● **What the exercise asks**: Within the listing below, please copy exactly the lines between the line holding "- フォルダにある Parallels" and the line holding "ピンクのHYSTERICロゴ", inclusive.

● **The data**:

---

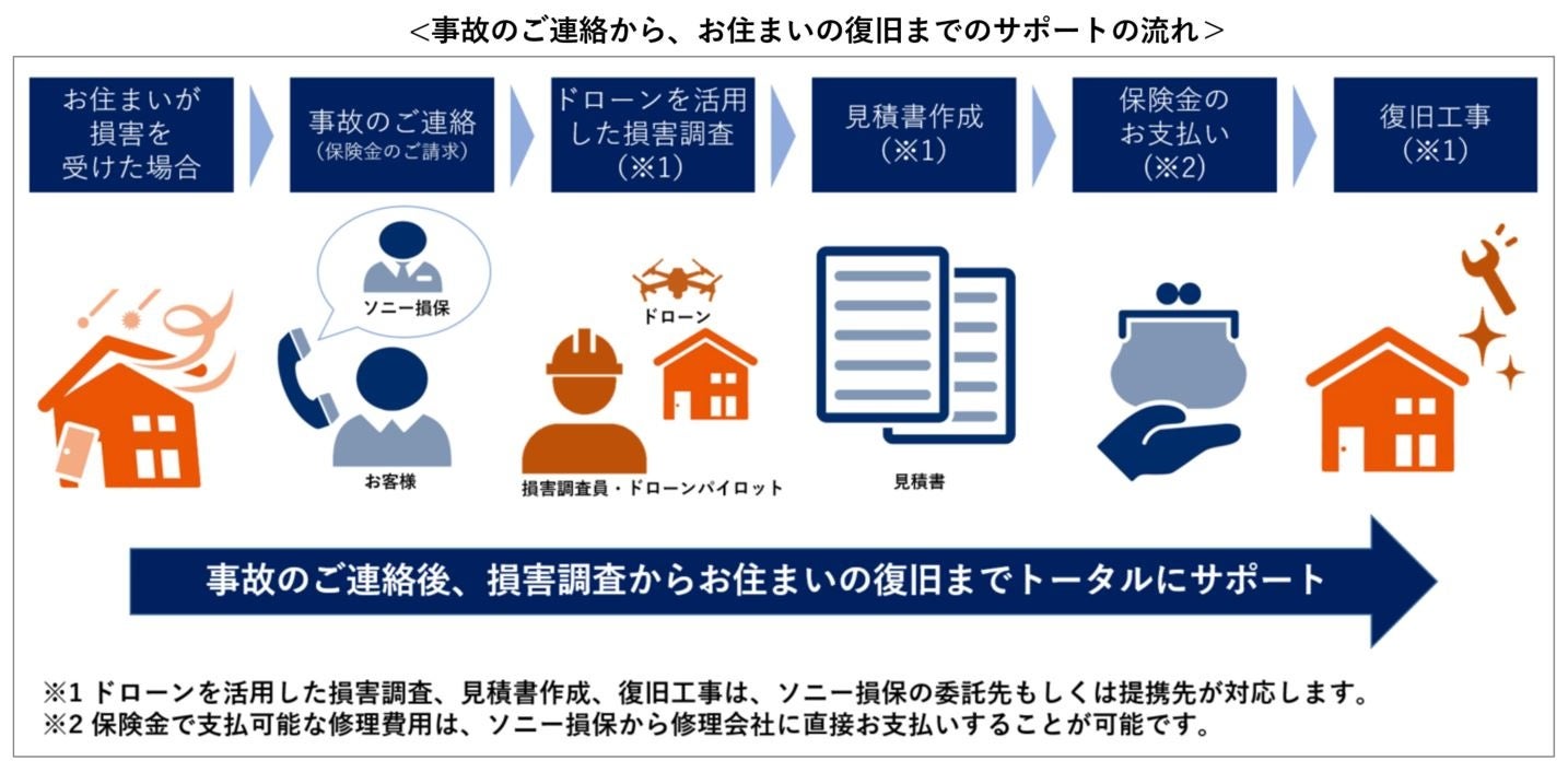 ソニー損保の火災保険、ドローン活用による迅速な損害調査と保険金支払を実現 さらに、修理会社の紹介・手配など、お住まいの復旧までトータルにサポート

---

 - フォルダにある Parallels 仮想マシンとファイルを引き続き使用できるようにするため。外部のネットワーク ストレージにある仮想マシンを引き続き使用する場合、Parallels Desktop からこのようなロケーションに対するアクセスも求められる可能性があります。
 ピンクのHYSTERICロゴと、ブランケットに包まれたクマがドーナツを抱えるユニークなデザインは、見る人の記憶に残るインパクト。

---

● **Output for this task**:
 - フォルダにある Parallels 仮想マシンとファイルを引き続き使用できるようにするため。外部のネットワーク ストレージにある仮想マシンを引き続き使用する場合、Parallels Desktop からこのようなロケーションに対するアクセスも求められる可能性があります。
 ピンクのHYSTERICロゴと、ブランケットに包まれたクマがドーナツを抱えるユニークなデザインは、見る人の記憶に残るインパクト。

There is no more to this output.